- Обобщить, значит?
- Во-во! - В глазах Авдани заиграли огоньки усмешки. - Ты же знаешь, как это делать. На то и учен небось…
Дверь с проулка
I
После того как братья разломали нашу избу и перевезли ее на станцию, в Липягах нас, Андреевых, осталось двое: я и сестра Мария Васильевна. Мария старшая у нас, да еще к тому же единственная в семье дочь. Мы, братья, росли в мальчишеских заботах; сестра держалась в сторонке, обособленно.
Маша рано вышла замуж, причем вышла на другой конец села, и, видно поэтому, в детских воспоминаниях с нею связано очень немногое. Разве и помнится только свадьба ее: приход сватов, варение браги, пляски пьяных мужиков и баб, дружки, продажа сундука, плач матери на расставанье с дочерью… - и все, нет больше у нас Маньки…

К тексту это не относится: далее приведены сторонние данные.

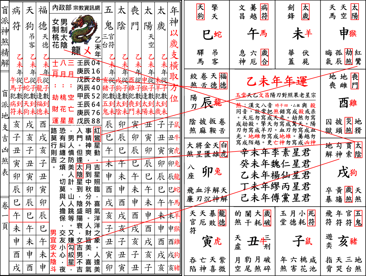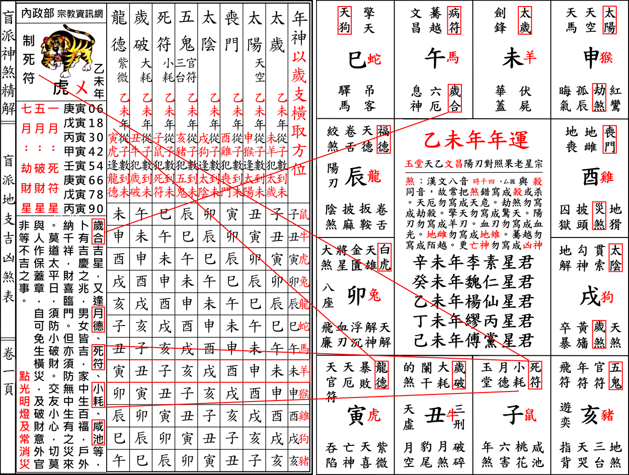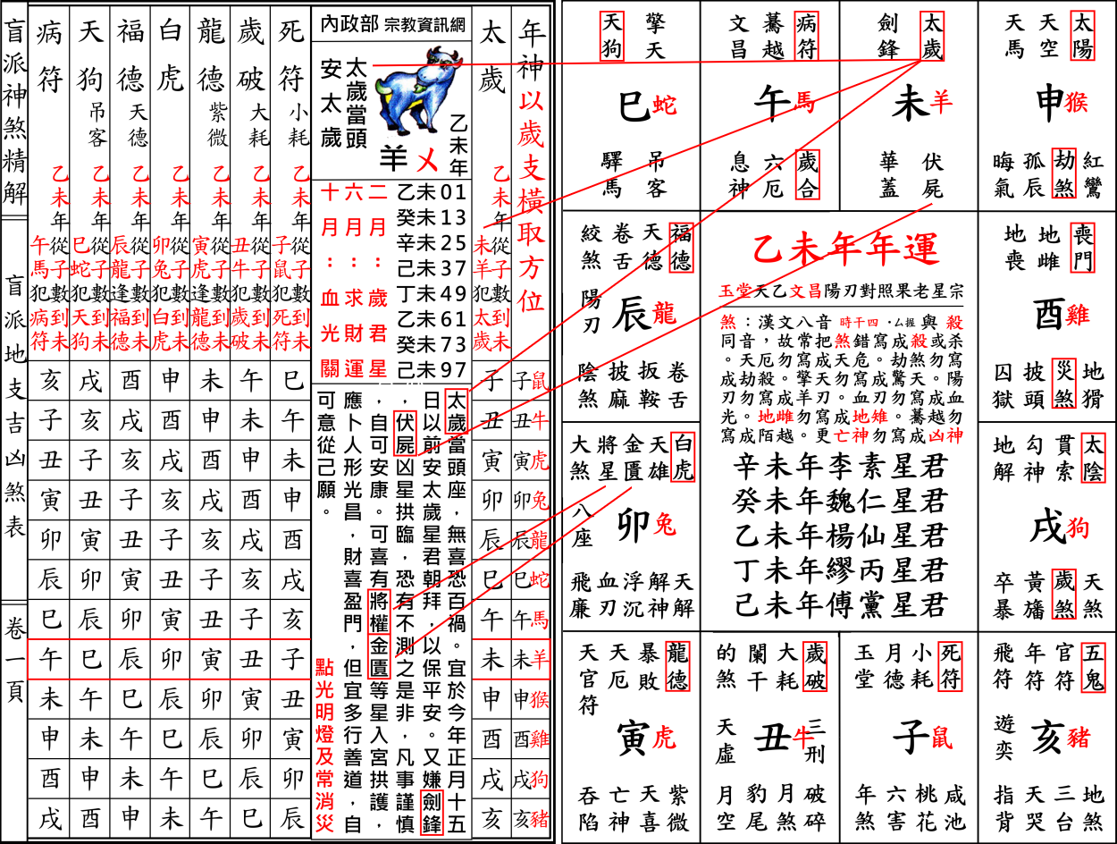 錯誤百出內政部宗教資訊網乙未年制解十二神煞,以協紀辨方書流年神煞印證十二生肖流年運程實屬謊言。

Казалось бы, что ж тут такого - переехала Маша с одного порядка на другой: небось одно село-то! Однако виделись мы теперь редко. Некогда было сестрице разгуливать. Бабьи заботы-хлопоты как-то сразу поглотили ее. Больная свекровь в доме, работа, а тут еще и дети пошли.
Правда, случалось иногда, на Михайлов ли день или в другой какой-нибудь большой праздник, "позывали" молодых. На позывки являлись Марья и ее муж Павел Миронович. Оба чинные, нарядные.
Павел Миронович служил бухгалтером на станции. Он и в праздники не снимал железнодорожной формы. Муж у Марьи был красивый, видный из себя. Высокий, всегда подтянутый; в петлицах знаки различия, на груди значки - очень много значков: и "ГТО", и "ПВХО", и всякие там "образцовые магистрали", и "ударники призывов"… Павел Миронович был вообще шиковатый парень.
Как-то странно было видеть рядом с модным, подтянутым Павлом Мироновичем нашу сестру Марью - в клетчатой самотканой поневе, с рогами-кичками на голове.
Молодые чинно садились за стол, ели, пили. А напившись, пели песни. Вернее, пел лишь Павел: у него хороший голос и он знал много песен. Сестра начисто была лишена слуха - "страданья" и те с трудом вытягивала. А у Павла Мироновича голос могучий. Подвыпив, он подсаживался поближе к теще, матери нашей, и они дружно затягивали свою любимую: "Уж ты сад, ты мой сад…"
Мать одно время тоже любила песни. Однако редко ей приходилось петь. Пожалуй, только и пела она в дни позывок с молодым зятем.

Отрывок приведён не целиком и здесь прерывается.